* [Work instruction]: Print the entries below exactly as they appear, from the first line up to and including the line with "Pour passer la". Do not print any pictures.

* [Exercise inputs]:
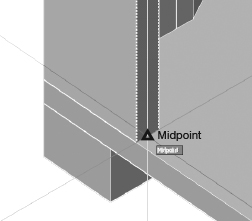 Type MOVE. Select the rear wall and set it in place, so that its outer face aligns with the midpoint of the corner post as shown in the figure below.
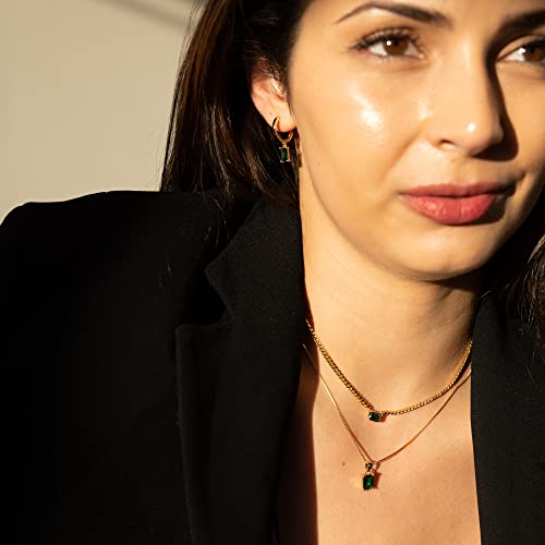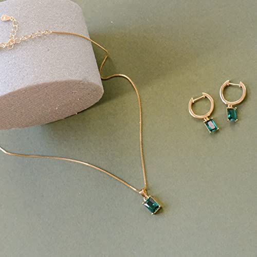 Why Choose Baguette CZ Pendant Necklace | 14K Gold Plated Sterling Silver | Emerald Baguette Pendant Dainty Box Chain Necklace 18''?
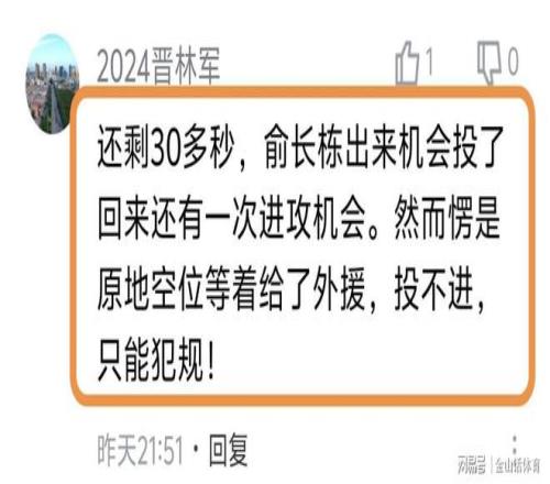 许多球迷质疑俞长栋的空位不敢投。“还剩30多秒,俞长栋出来机会投了回来还有一次进攻机会。然而愣是原地空位等着给了外援,投不进,只能犯规!”;“输在最后俞长栋3分空位出机会不敢投。”;“俞长栋真是牛,空位都不投。”……
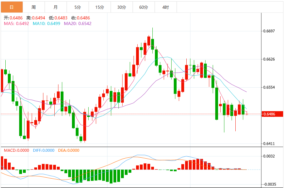 技术分析:澳元在0.6500上方徘徊,接近九日指数移动平均线
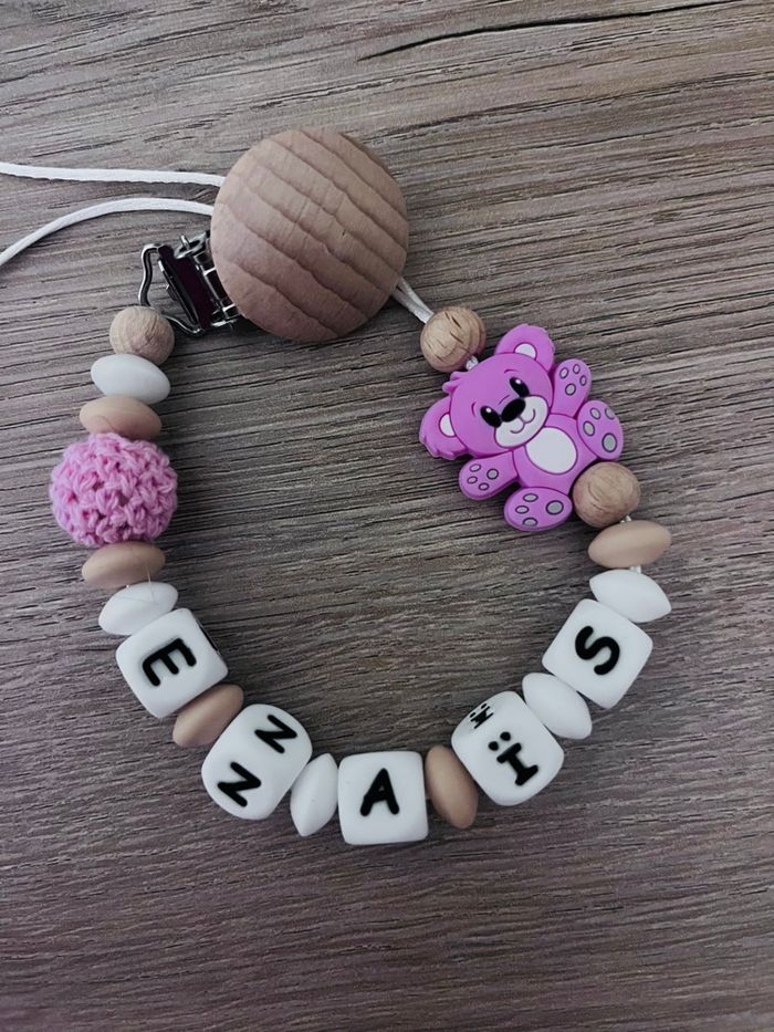 Pour passer la commande il suffit de valider le paiement sur l'annonce du modele désiré et de m'envoyez le prénom de l'enfant par message que je puisse réaliser votre commande. A partir de 2 articles vous bénéficiez de 5% de réduction. Réalisation dans la journée l'adaptateur tétine mam et en supplément à 1€ Si vous souhaitez quelque chose en particulier n’hésitez pas à m’envoyer un message qu’on voit ça ensemble 🥰 Une fois peut être envoyé avant l’envoi bien sûr ☺️
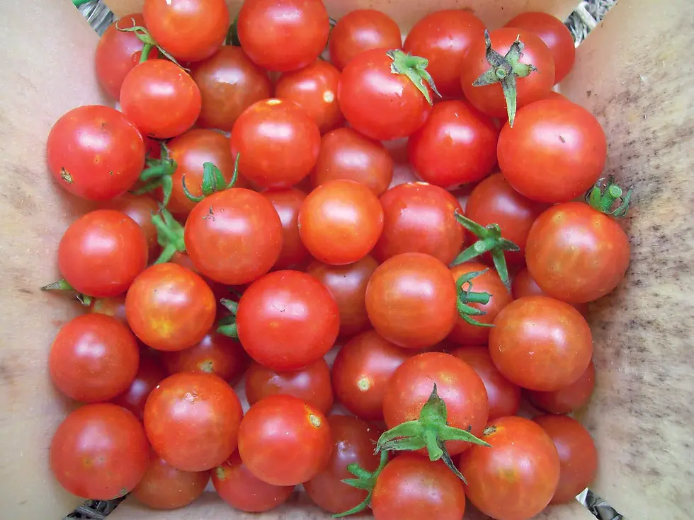 Salad Tomatoes: including currant, cherry, grape, and pear types, produce small, bite-sized fruits. These small-fruited varieties develop large, sprawling plants that grow and produce fruits even under hot, dry conditions. Common varieties include Sugar Cherry, Amy's Apricot Mix, Black Plum.
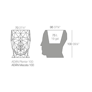 ADAN is the wonderful collection of design complements created exclusively for Vondom by the designer Teresa Sapey. The ADAN' s range is made up of 3 elements: MACETEROS ADAN vase, TABURETE ADAN stool and MESA ADAN table. The entire collection is the result of a perfect balance between past and future: rather than complements, they are multifunctional pieces of architecture. Shop Decor proposes MACETEROS ADAN, a wonderful vase, which is faceted like a diamond. Moreover it is made of opaque polypropylene and it is perfect for both indoor and outdoor use. Its size is: 70 x 96 cm and 100 cm tall.

* [Result for this task]:
 Type MOVE. Select the rear wall and set it in place, so that its outer face aligns with the midpoint of the corner post as shown in the figure below.
 Why Choose Baguette CZ Pendant Necklace | 14K Gold Plated Sterling Silver | Emerald Baguette Pendant Dainty Box Chain Necklace 18''?
 许多球迷质疑俞长栋的空位不敢投。“还剩30多秒,俞长栋出来机会投了回来还有一次进攻机会。然而愣是原地空位等着给了外援,投不进,只能犯规!”;“输在最后俞长栋3分空位出机会不敢投。”;“俞长栋真是牛,空位都不投。”……
 技术分析:澳元在0.6500上方徘徊,接近九日指数移动平均线
 Pour passer la commande il suffit de valider le paiement sur l'annonce du modele désiré et de m'envoyez le prénom de l'enfant par message que je puisse réaliser votre commande. A partir de 2 articles vous bénéficiez de 5% de réduction. Réalisation dans la journée l'adaptateur tétine mam et en supplément à 1€ Si vous souhaitez quelque chose en particulier n’hésitez pas à m’envoyer un message qu’on voit ça ensemble 🥰 Une fois peut être envoyé avant l’envoi bien sûr ☺️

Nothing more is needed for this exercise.